Hungarian World War I flying ace

Oberleutnant Alexander Tahy (9 April 1896 – 7 March 1918) was a Hungarian World War I flying ace credited with eight aerial victories while serving with the Austro-Hungarian Aviation Troops. He began the war as an artilleryman, winning the Silver Medal for Bravery in May 1915. In early 1916, he transferred to aviation duty as an aerial observer. Between 3 December 1916 and 26 June 1917, he was credited with five aerial victories for Fliegerkompanie 19, earning another three decorations. Having taught himself to fly, he transferred to a fighter unit, Fliegerkompanie 51J for his last three victories. On 7 March 1918, Tahy died in a flying accident. His greatest honor came after his death, when he was awarded the Knight's Cross of the Order of Leopold with War Decorations and Swords.

== Military career ==
=== Artilleryman ===
Alexander Tahy was born in Nyíregyháza, Hungary, in 1896. When war began, he volunteered for service and became an artilleryman in Hungarian Heavy Howitzer Division No. 6. His valor was rewarded with the Silver Medal for Bravery First Class in May 1915. In late January 1916, he was stationed in the reserve battery of his unit.
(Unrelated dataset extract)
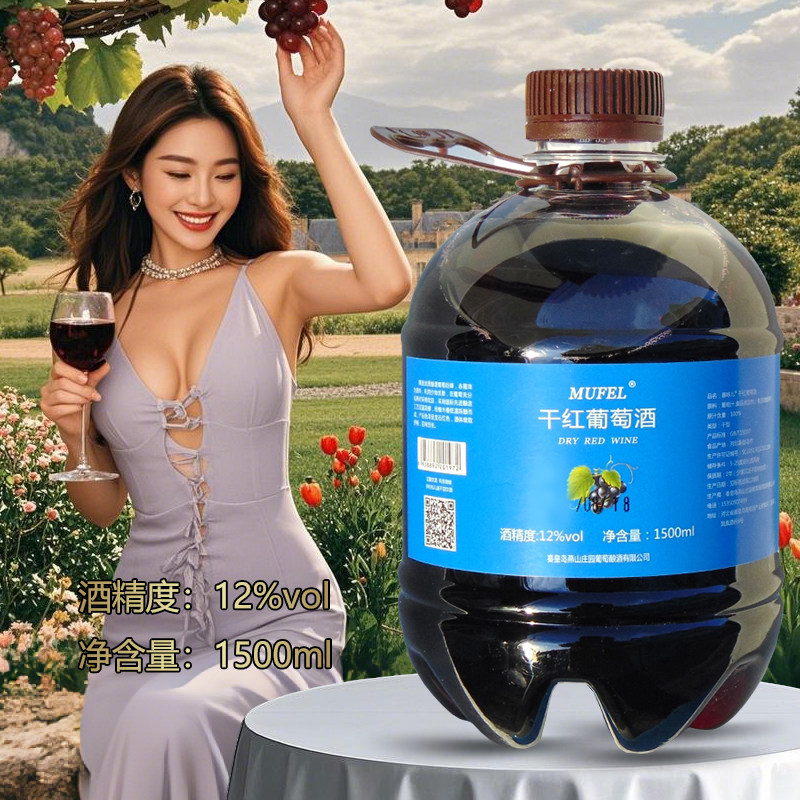 1.5L桶装甜红甜白干红葡萄酒非农家自酿水果酒半甜甜型白葡萄传统

=== Service as an aerial observer ===

In early 1916, Tahy transferred to the Austro-Hungarian Aviation Troops as an aerial observer. From July to September 1916, he was training. Upon graduating, he was posted to Fliegerkkompanie 12 (Flik 12), but found he could not agree with his commanding officer. Tahy soon passed onward to another unit on Haidenschaft Airfield, Fliegerkompanie 19 (Flik 19). Commanded by Adolf Heyrowsky, Flik 19 had on its rolls Benno Fiala von Fernbrugg, Stefan Fejes, Franz Rudorfer, Ludwig Hautzmayer, and Josef Pürer. Despite its plethora of aces, Flik 19 was not a fighter squadron. As a general services unit, their missions varied among reconnaissance, photographic intelligence, liaison, protective escorts, artillery direction, bombing, and ground attacks. The demands on their flying time surged and ebbed as the Battles of the Isonzo waxed and waned.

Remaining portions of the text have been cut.